Try Not To Compare Yourself Unfavorably to Neurotypical Moms and Dads
In doing her research for her articles and speaking to other autistic mothers, Cynthia Kim found that
“Nearly every woman who shared her story for this article felt that she was a good parent and yet most said they experienced alienation, guilt, depression, loneliness or inadequacy when comparing themselves with ‘other moms.’”
Connect With Other Autism Parents and Learn From Them
Recognize You May Benefit from Your Neurotypical Partner’s Insights
Sometimes the challenges of both of you and your child having Aspergers may result in fixed ideas and equal frustrations.
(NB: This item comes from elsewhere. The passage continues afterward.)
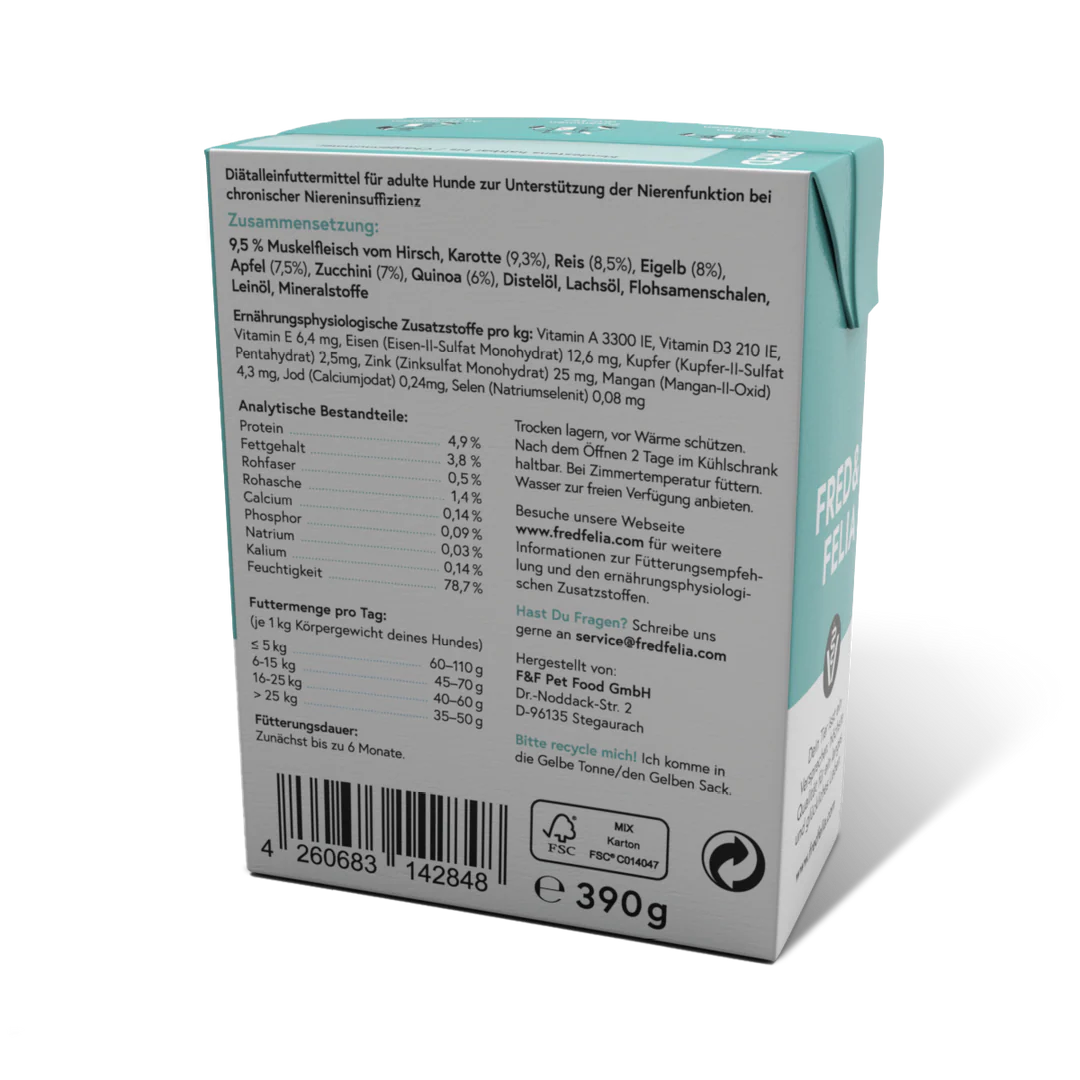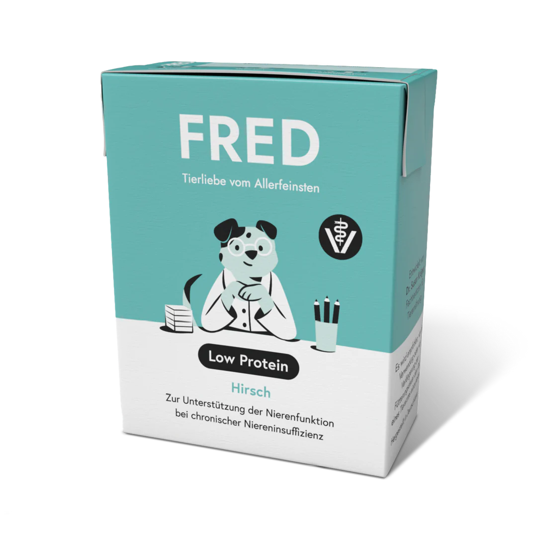FRED VET Low Protein Diätalleinfuttermittel zur Unterstützung der Nierenfunktion bei chronischer Niereninsuffizienz (Muskelfleisch vom Hirsch, Eigelb, Flohsamenschalen)

It may take speaking to a person who’s not locked in with an alternative point of view to break a stalemate.
Neurotypical Parents: Recognize You May Benefit from Your Aspergers/Autism Partner’s Insights
Since you aren’t autistic, it’s going to be harder to understand your child’s autistic point of view at times. Here’s where your partner can step in and help you understand where your child is coming from.
Invite Your Child/Young Person To Become More Confident
Notice what your child is good at, and be very specific about what she or he is being successful with.
For example, “David, the art that you drew was fantastic. The attention to detail and the shading was intricate and beautiful”
Brian King noticed that one of his sons was particularly effective with helping out around the house, and let him know.
Raise your expectations for your child, while at the same time providing a high amount of emotional support.
I personally am struggling to learn how to be better with authoritative parenting, but the more I struggle, the more I learn.
You can, too.
Parenting Advice Resources
Here’s an article I wrote a while back, How to Be a Dad to Your Aspergers Child.
Mark Hutten (not an Aspergian/autistic parent) produces high quality content at his blog, My Aspergers Child. Read his article, Parents with Asperger Syndrome.
Raising Cubby, by John Elder Robison.
Learn from John Elder Robison’s experiences raising his son, Jack.
The Parenting Forum at Wrong Planet. Here’s a place to connect with other parents on the autism parenting journey. This forum doesn’t distinguish between autistic and non-autistic parents, so be aware of that going in.
Embrace Parenting as an Adventure of Self Discovery
These are my own two cents. How we think about parenting affects how we approach and feel about parenting. If we dread the term, we’ll dread dealing with our kids. However, if we can think about parenting as a way to become better people ourselves, and if we develop an open mind, we can learn all the skills we need to be better parents.